Eğitim-İş Sendikası Genel Başkanı Orhan Yıldırım da pandemi döneminde uzaktan eğitime geçilmesi ve üniversiteler açısından plansız programsız bir süreç yürütüldüğünü ve gelişen duruma karşı önlem alınamadığını belirtti. Yıldırım; “Çocuklarımızın yüz yüze eğitimi alamadığı bu süreçte, 18 milyon Milli Eğitim Bakanlığı’na bağlı öğrencimizin yaklaşık 6 milyonunun internet erişimi, tablet ve bilgisayarı yok. Bu nedenle ne EBA’ya ne de uzaktan eğitimin farklı süreçlerine katılamadılar. Aradan geçen yaz aylarına rağmen Milli Eğitim Bakanlığı bu sorunların telafisini yapmadı. Daha sonra seyreltilmiş olarak başlanan eğitimde okullarımızın hijyen koşulları için gerekli olan maske, dezenfektan ve bunları sağlayacak hizmetli alımını gerçekleştirmemiş, dolayısıyla resmi okullarda can güvenliği ve bulaş riski azaltılamamıştır. Maaş düzeyine baktığımızda ise bugün bir öğretmenin, bir memurun, bir hizmetlinin bir çalışanın aldığı ücret ne yazık ki asgari ücretin çok az üzerindedir.
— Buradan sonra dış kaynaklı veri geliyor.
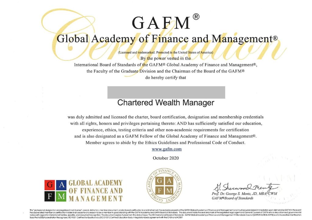 (AAFM™/GAFM™)美国四大金融认证机构:美国金融管理学会AAFM™/GAFM™、 特许金融分析师协会CFA、标准委员会CFP、美国学院ChFC。
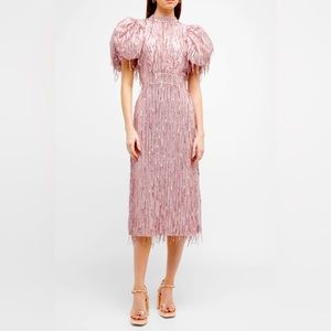 Rotate Birger Christensen Icons Fringe Puff Sleeve Dress *NWT*

Biz Eğitim-İş Sendikası olarak konfederasyonumuzla beraber sahada her türlü demokratik ve meşru mücadelemizi uygulayacağız” dedi.
“SAĞLIK EMEKÇİLERİ TABAN AYLIĞINDA KALICI BİR İYİLEŞTİRME İSTİYOR”
Genel Sağlık-İş Sendikası Başkanı Zekiye Bacaksız ise yaptığı konuşmada sağlık emekçilerinin ekonomik olarak hak ettikleri düzeyde olmadıklarını ifade etti. Sağlık emekçilerinin nitelikli ucuz iş gücüne dönüştüğünü söyleyen Bacaksız; “Bugün göreve yeni başlayan hekim arkadaşımız 3 bin 800 lira maaş alıyor. Yeni başlayan hemşire arkadaşımız da 2 bin 680 liradan başlayan maaşlar alıyor. Döner sermaye performansının adı var ama içi boş. Pandemide bunu en üstten vereceğiz dediler ama Kasım’da pandemi kliniklerinde çalışanlara dahi ödemeleri yapılmamış durumda. Bütün ödemeler döner sermaye üzerinden oluyor, personel alımları sözleşmeli yapılıyor. Bugün sağlık emekçilerinin hepsi taban aylığında kalıcı bir iyileştirme istiyor. Hepsi yoksulluk sınırının üzerinde, mesleki riskleri ve iş yükleri göz önüne alınarak artış talep ediyor” cümlelerini kaydetti.